Chats with OpenAI's `gpt-3.5-turbo` and `gpt-4` chat models are typically structured (in plain text) like this:

```
System: You are a helpful assistant.

User: Hi AI, how are you today?

Assistant: I'm great thank you. How can I help you?

User: I'd like to understand string theory.

Assistant:
```

The final `"Assistant:"` without a response is what would prompt the model to continue the conversation. In the official OpenAI `ChatCompletion` endpoint these would be passed to the model in a format like:

```python
[
    {"role": "system", "content": "You are a helpful assistant."},
    {"role": "user", "content": "Hi AI, how are you today?"},
    {"role": "assistant", "content": "I'm great thank you. How can I help you?"}
    {"role": "user", "content": "I'd like to understand string theory."}
]
```



In [None]:
from langchain.schema import (
    SystemMessage,
    HumanMessage,
    AIMessage
)

messages = [
    SystemMessage(content="You are a helpful assistant."),
    HumanMessage(content="Hi AI, how are you today?"),
    AIMessage(content="I'm great thank you. How can I help you?"),
    HumanMessage(content="I'd like to understand string theory.")
]

Swap the role of `"user"` for `HumanMessage`, and the role of `"assistant"` for `AIMessage`.

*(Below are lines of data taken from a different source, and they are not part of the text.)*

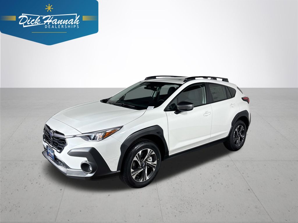 Rear Bumper Cover,LED Upgrade,Auto-Dimming Mirror with Compass and HomeLink,Auto-Dimming Exterior Mirror with Approach Light,Aero Crossbar Set,Crosstrek Mirror Package,Standard Model,Radio: Subaru 11.6" Multimedia Navigation System,Heated Front Bucket Seats,Sport Cloth Upholstery,Wheels: 18" x 7.0" J Dark Gray Aluminum-Alloy,4-Wheel Disc Brakes,Emergency communication system: MySubaru Companion (5-years free),Auto High-beam Headlights,Exterior Parking Camera Rear,AM/FM radio: SiriusXM,Compass,Variably intermittent wipers,Turn signal indicator mirrors,Trip computer,Traction control,Tilt steering wheel,Telescoping steering wheel,Steering wheel mounted audio controls,Split folding rear seat,Speed-sensing steering,Speed control,Security system,Remote keyless entry,Rear window wiper,Rear window defroster,Rear side impact airbag,Rear seat center armrest,Rear anti-roll bar,Radio data system,Power windows,Power steering,Power moonroof,Power driver seat,Power door mirrors,Passenger vanity mirror,Passenger door bin,Panic alarm,Overhead console,Overhead airbag,Outside temperature display,Occupant sensing airbag,Low tire pressure warning,Leather steering wheel,Knee airbag,Illuminated entry,Heated front seats,Heated door mirrors,Fully automatic headlights,Front reading lights,Front fog lights,Front dual zone A/C,Front anti-roll bar,Four wheel independent suspension,Dual front side impact airbags,Dual front impact airbags,Driver vanity mirror,Driver door bin,Bumpers: body-color,Brake assist,Automatic temperature control,Anti-whiplash front head restraints,Alloy wheels,Adjustable head restraints: driver and passenger w/tilt,ABS brakes,Tachometer,Spoiler,Navigation System,Leather Shift Knob,Front Center Armrest,Front Bucket Seats,Electronic Stability Control,Air Conditioning,6 Speakers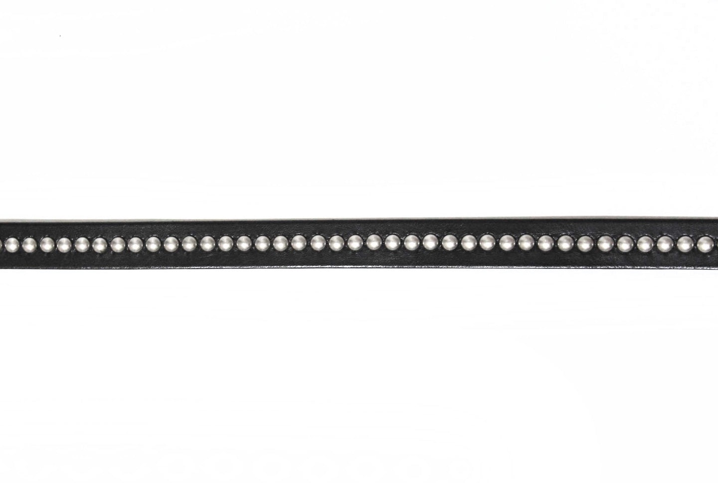 While taking advantage of the texture of the leather, the evenly spaced studs add an accent and individuality to the simple styling.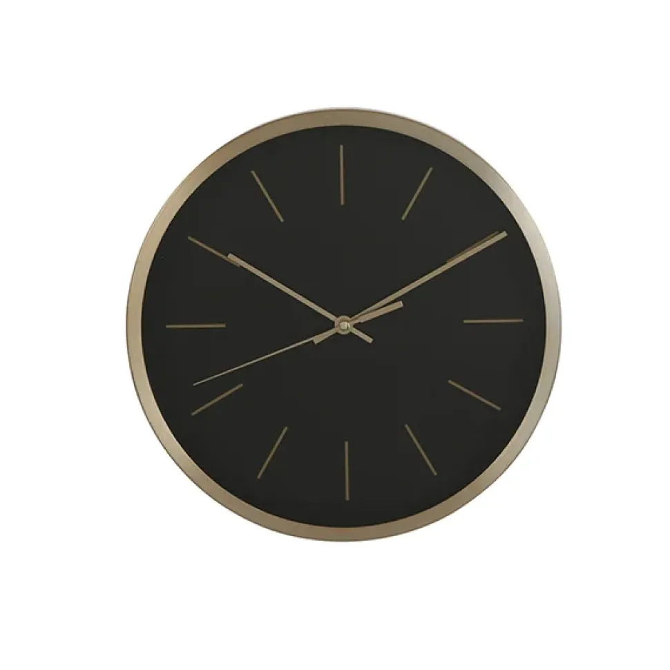Black contemporary wall clock with gold trim, 10 x 10″. When your decor is elegant, make sure your wall clock is too ! Other sizes and colors available.

Response from Chat Open AI - ----------

In [None]:
res = chat(messages)
res

In response we get another AI message object. We can print it more clearly like so:

In [None]:
print(res.content)

Add another message and generate the response

In [None]:
# add latest AI response to messages
messages.append(res)

# now create a new user prompt
prompt = HumanMessage(
    content="Why do physicists believe it can produce a 'unified theory'?"
)
# add to messages
messages.append(prompt)

# send to chat-gpt
res = chat(messages)

print(res.content)

### Importing the Data

Dataset -  Hugging Face Datasets library to load our data. Dataset - scientific_papers , which will serve as the external knowledge base for the chatbot.

#Login to HuggingFace

In [None]:
from huggingface_hub import notebook_login
notebook_login()

In [None]:
!pip install -U datasets

In [None]:
from datasets import load_dataset

In [None]:
from datasets import load_dataset
dataset = load_dataset("scientific_papers","arxiv")
#dataset = load_dataset("arxiv_dataset","arxiv")

dataset

In [None]:

!pip install -qU \
  transformers==4.33.1 \
  sentence-transformers==2.2.2 \
  pinecone-client==2.2.2 \
  datasets==2.14.0 \
  accelerate==0.21.0 \
  einops==0.6.1 \
  langchain==0.0.240 \
  xformers==0.0.20 \
  bitsandbytes==0.41.0

In [None]:
from torch import cuda
from langchain.embeddings.huggingface import HuggingFaceEmbeddings

embed_model_id = 'sentence-transformers/all-MiniLM-L6-v2'

device = f'cuda:{cuda.current_device()}' if cuda.is_available() else 'cpu'

embed_model = HuggingFaceEmbeddings(
    model_name=embed_model_id,
    model_kwargs={'device': device},
    encode_kwargs={'device': device, 'batch_size': 32}
)

In [None]:

docs = [
    "this is one document",
    "and another document"
]

embeddings = embed_model.embed_documents(docs)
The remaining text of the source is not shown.